The goal of the exercise was to reduce the ratio of debt to Gross Domestic Product (a standard way of measuring red ink) to 60 percent. They looked at doing this by 2020, 2025, and 2035. The debt/GDP ratio is about 69 percent today and the Congressional Budget Office predicts it will rise to 187 percent by 2035 if the government keeps doing what it has been doing (maintaining the 2001/2003/2010 tax rates, continuing to protect middle-income families from the Alternative Minimum Tax, etc.).
To hit the 60 percent target by 2020, average after-tax incomes would have to be cut by 8.7 percent under the VAT or 9.3 percent with tax rate hikes, relative to incomes under today’s tax rules. Income for the lowest-earning 20 percent of households would be cut by 1.8 percent under the VAT but only 0.5 percent if Congress raised income tax rates. Middle-income households would see their after-tax income fall by 7.9 percent under the VAT but just 5.5 percent from higher rates.
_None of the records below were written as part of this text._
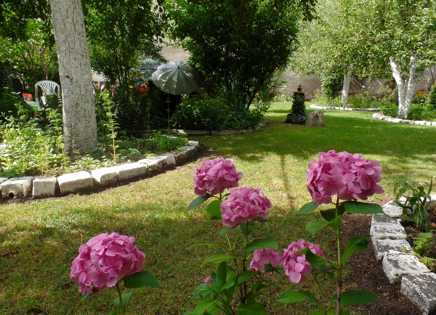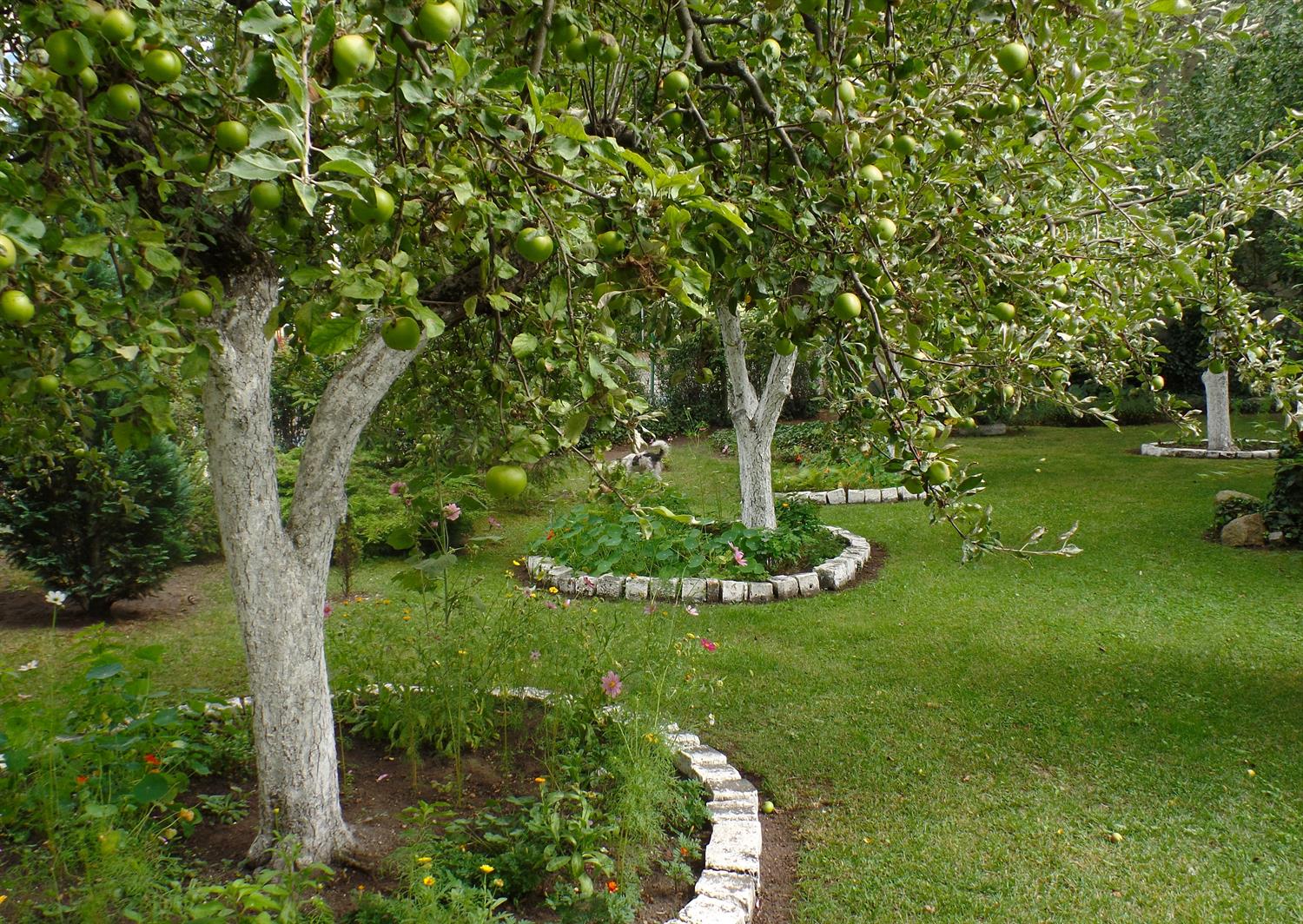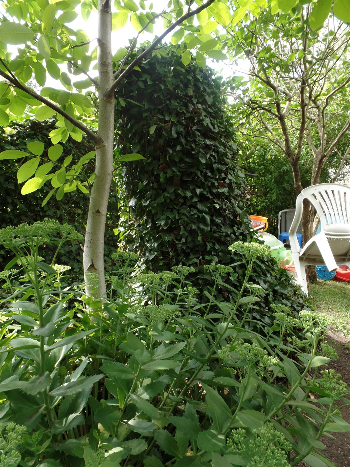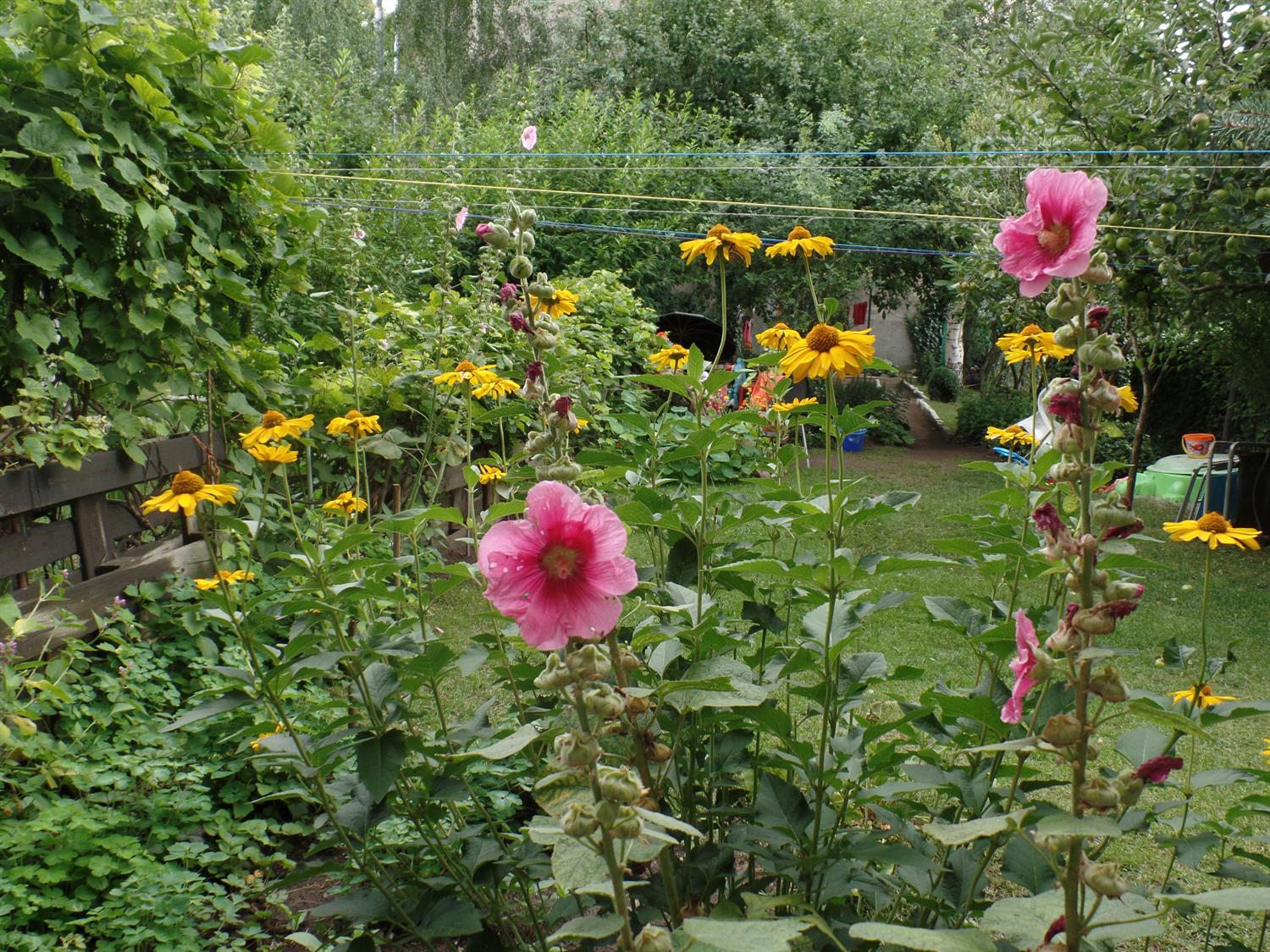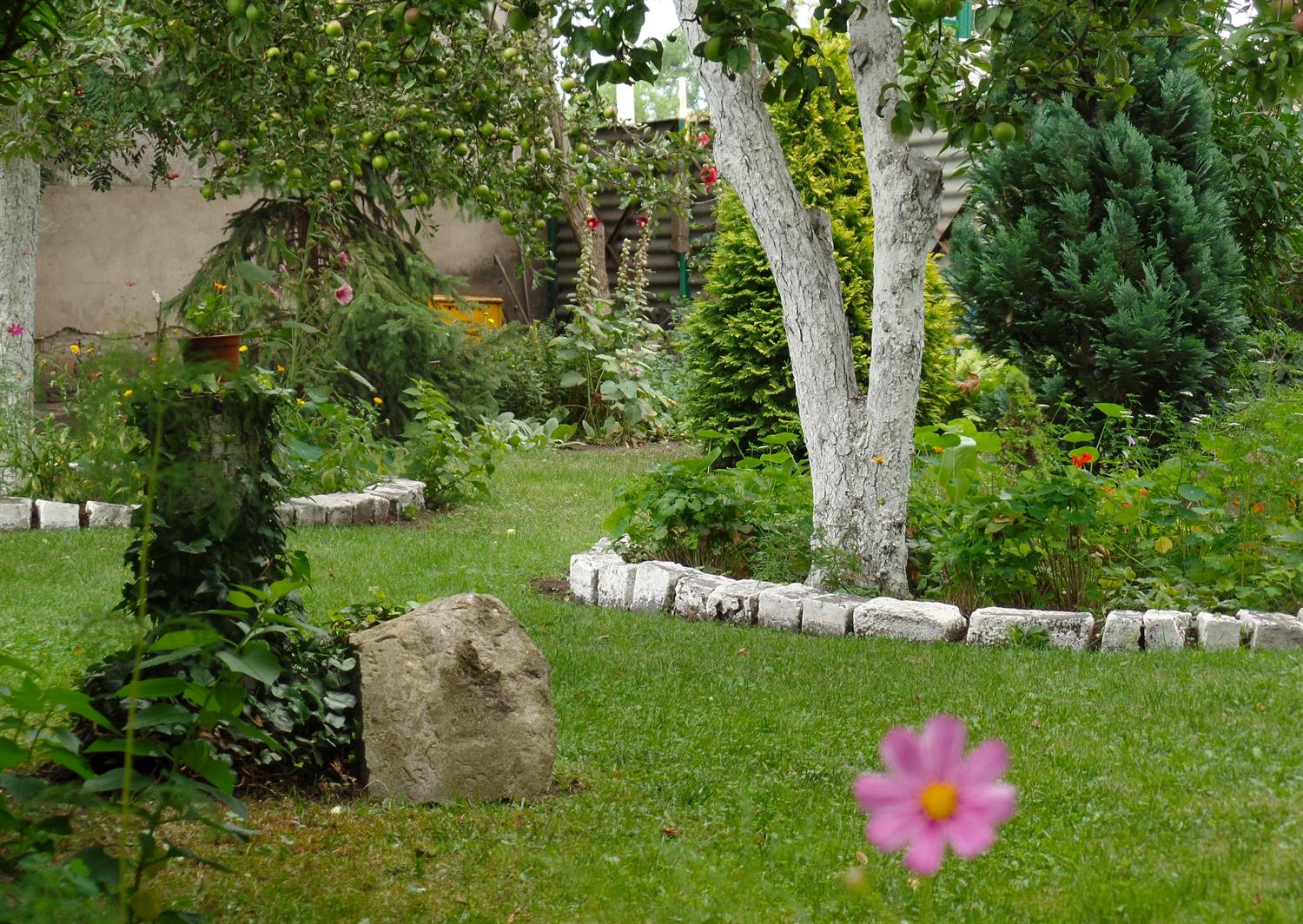Na 400 metrach kwadratowych znalazło się miejsce na różne ogrodowe strefy. W jednej jest świerkowy zagajnik, w którym co święta przybywa nowy iglak. Obok niego - brzozy i jarzębina sięgają już szczytów obu sąsiednich kamienic. Pomiędzy nimi przycupnęła namiastka sadu: kilka jabłoni, wokół których pni rozkwitają kobierce kosmosów, nagietków, rudbekii. W całym ogrodzie uwagę przyciągają strzeliste malwy, także przy - teraz ozdobnych tylko zielonymi liśćmi - lilakach i konwaliach. Widać kępy złocieńców, hortensji, rozchodników, a też nasturcji obsypanych jadalnymi kwiatami, co pną się bujnie po krzewach lub płożą po rozległym trawniku. Do tego winogron - istną zieloną ścianą - rozrósł się tak, że wyznacza oś strefy wypoczynkowej ogrodu: ze stolikiem i siedziskami.
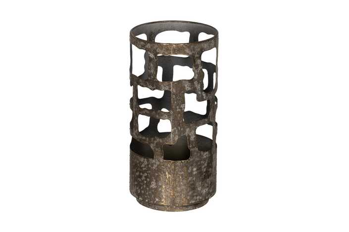 PORTAVELAS ORO ENVEJECIDO METAL 15 X 15 X 30 CM
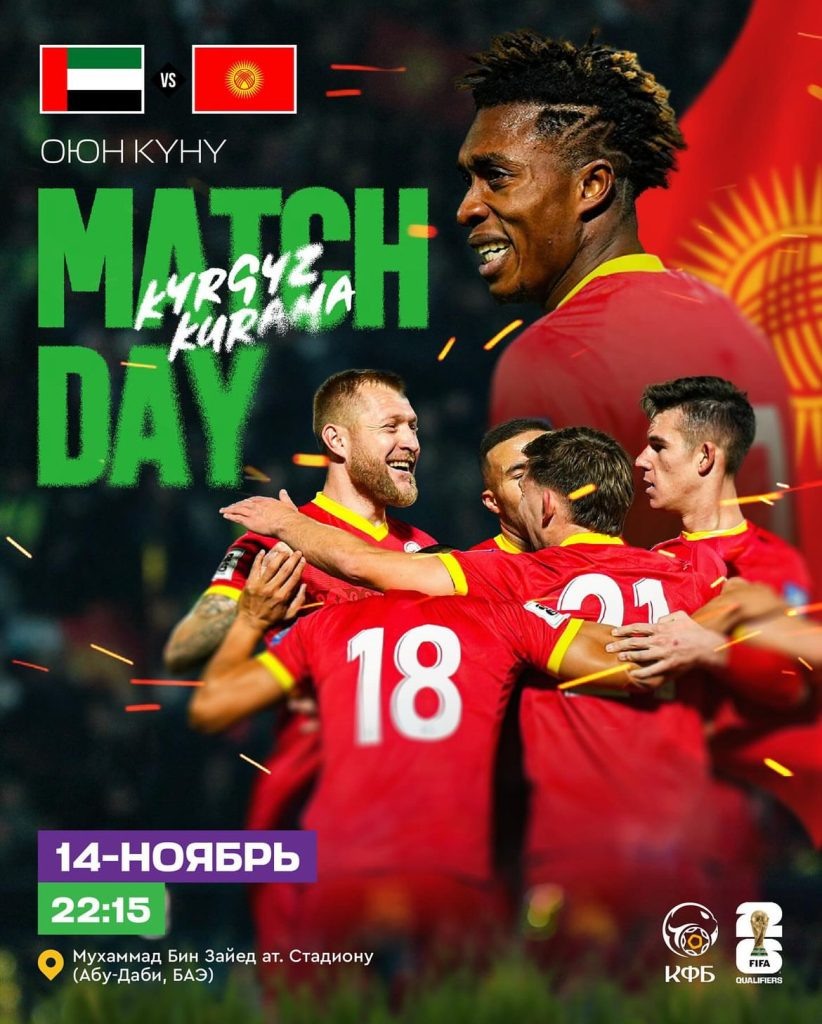 Футбол боюнча Кыргызстандын улуттук курама командасы 2026-жылдагы дүйнө чемпионатынын тандоо турунун алкагында БАЭ менен конокто беттешүүгө даярданып жатат. Команданын машыктыруучусу жана капитаны жакында Түндүк Кореяны жеңгенден кийин өз мүмкүнчүлүктөрүнө ишенет. ⚽️ Футбол боюнча Кыргыз курама командасы БАЭ менен маанилүү беттешке даярданууда. 🏟️ Оюн 14-ноябрда Абу-Даби шаарындагы Мухаммад Бин Зайед стадионунда өтүп, Бишкек убактысы боюнча саат 22:15те башталат. 💪 Машыктыруучу Максим Лисицын команда кысымга туруштук берип, жакшы жыйынтык көрсөтөөрүн белгилеп, оюнчуларына ишенет. 🏆 Команданын капитаны Валерий Кичин квалификациялык таблицадагы позициясын жакшыртуу үчүн колдон келгендин баарын жасай турганын баса белгиледи. 📅 Тандоо раундунун башталышында үч жолу жеңилүү ызасын тарткан Кыргыз курамасы 15-октябрда Түндүк Кореяны утуп, алгачкы жеңишине жетишти. 🌍 Тандоо турниринин 3-туруна 18 команда катышууда, анын ичинен эң мыкты экөө гана 2026-жылкы Дүйнө чемпиондугуна түз жолдомо

By contrast, the rich would be better off with the VAT. After-tax incomes of the top 1 percent would shrink by 9.6 percent compared to 17.2 percent with a rate hike.
Regular people can probably stop here, but if you are a serious tax wonk, here are some details on this prototype VAT and the income tax alternative. This VAT has a very broad base (no exemptions for food and clothing, for example). However, it does not tax Medicare and Medicaid payments, spending by non-profits, or state and local sales taxes (yes, Virginia, some VATs do) . Combined, it would tax about 60 percent of all consumption and about 40 percent of GDP.
The VAT would partially protect low-income households with two rebates—one for workers and a second for Social Security recipients and others who get government cash transfers. Assuming current tax policy does not change, they estimate it would take a VAT rate of 22.9 percent in 2015 to meet the debt target in 2020. Because the glide path would be longer, the 2015 rate would only have to be 16.7 percent if the goal is to hit 60 percent by 2035.
To hit the 2020 target though an across-the-board income tax rate increase, rates in 2015 would rise from today’s 10-15-25-28-33-35 to 17.1-25.6-42.6-47.7-56.3-59.7 (yup, that’s a top income tax rate of almost 60 percent). As with the VAT, income tax rates would also be lower if the aim was to reach the 60 percent goal in 2025 or 2035. Rates on capital gains and dividends would also have to rise—to a top rate of 29.4 percent in 2015 if Congress wanted to meet its deficit target by 2020.
Not surprisingly, Eric, Jim, and Joe found flaws in both options. Without entitlement cuts hitting this ambitious debt target forces painful tax hikes either way. And, of course, a differently designed VAT would have yielded a different outcome. But in its cage match with a big income tax rate increase, the VAT at least gets a draw.”